Private First Class? Convicted Sociopath? Mentally Unstable?

04/04/2011

Is he destined for Camp Lejeune, Sing Sing, or McClean?

Yeah, I look like a goober. I know :) .


Heavy Rotation

03/22/2011

Been doing some deep dives into some new and old artists over the past few weeks. Thought I’d share the love.
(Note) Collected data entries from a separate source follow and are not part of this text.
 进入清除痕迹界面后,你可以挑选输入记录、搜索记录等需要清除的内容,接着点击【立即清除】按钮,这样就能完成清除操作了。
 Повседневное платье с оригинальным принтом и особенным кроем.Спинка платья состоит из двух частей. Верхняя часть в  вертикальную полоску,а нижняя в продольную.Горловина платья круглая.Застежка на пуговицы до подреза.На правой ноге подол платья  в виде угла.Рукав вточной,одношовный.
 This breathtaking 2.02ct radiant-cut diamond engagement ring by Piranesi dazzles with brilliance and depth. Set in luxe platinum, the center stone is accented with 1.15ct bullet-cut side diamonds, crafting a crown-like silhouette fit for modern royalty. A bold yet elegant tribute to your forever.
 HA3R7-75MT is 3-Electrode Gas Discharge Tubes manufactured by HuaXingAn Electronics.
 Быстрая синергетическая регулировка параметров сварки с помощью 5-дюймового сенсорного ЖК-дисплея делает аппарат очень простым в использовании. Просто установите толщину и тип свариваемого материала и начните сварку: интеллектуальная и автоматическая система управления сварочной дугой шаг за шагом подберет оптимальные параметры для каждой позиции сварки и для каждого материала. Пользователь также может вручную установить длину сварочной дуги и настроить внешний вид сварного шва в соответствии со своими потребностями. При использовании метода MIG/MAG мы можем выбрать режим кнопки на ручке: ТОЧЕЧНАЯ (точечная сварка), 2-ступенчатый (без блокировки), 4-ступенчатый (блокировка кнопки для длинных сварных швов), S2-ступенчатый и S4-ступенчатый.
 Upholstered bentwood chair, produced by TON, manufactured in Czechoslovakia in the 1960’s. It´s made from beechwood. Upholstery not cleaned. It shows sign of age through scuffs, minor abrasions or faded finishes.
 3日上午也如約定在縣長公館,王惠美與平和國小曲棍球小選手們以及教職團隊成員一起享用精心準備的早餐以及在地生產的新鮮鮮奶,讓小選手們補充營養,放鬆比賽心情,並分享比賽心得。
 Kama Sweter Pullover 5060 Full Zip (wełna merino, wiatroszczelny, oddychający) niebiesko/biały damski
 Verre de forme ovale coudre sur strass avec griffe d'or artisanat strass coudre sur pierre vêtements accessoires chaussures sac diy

  • Chiddy BangThe Preview is available online. Definitely check out Nothing on We.
  • Girl Talk – I’m a serious Greg Gillis fanboi, but damn if All Day isn’t easily his best yet.
  • Kid Cudi – The more I listen to his stuff, the more I love it.
  • Lupe FiascoLASERS is finally out! It demands you use your brain a bit though – you are forewarned.
  • Mos Dub – DJ Max Tannone has done a superb mix of Mos Def with lotsa dub. It’s a freakin’ blast!
  • William FitzsimmonsGold In The Shadows dropped today. Workin’ through it – really distinctive stuff.
  • Nappy Roots – These Kentucky gentlemen redefine country! I’m partial to their older work.
  • Rhymefest – Seriously – what do they put in the water in Chicago? Che, Common, Cudi, Kanye, Lupe….
  • The Roots – I was slow on the uptake on these guys, but How I Got Over is officially over in my track list.
  • Sam AdamsBoston’s Boy!
  • Swollen Members – Check out Black Magic and Bad Dreams.

Check ‘em out, and may an eargasm be upon you.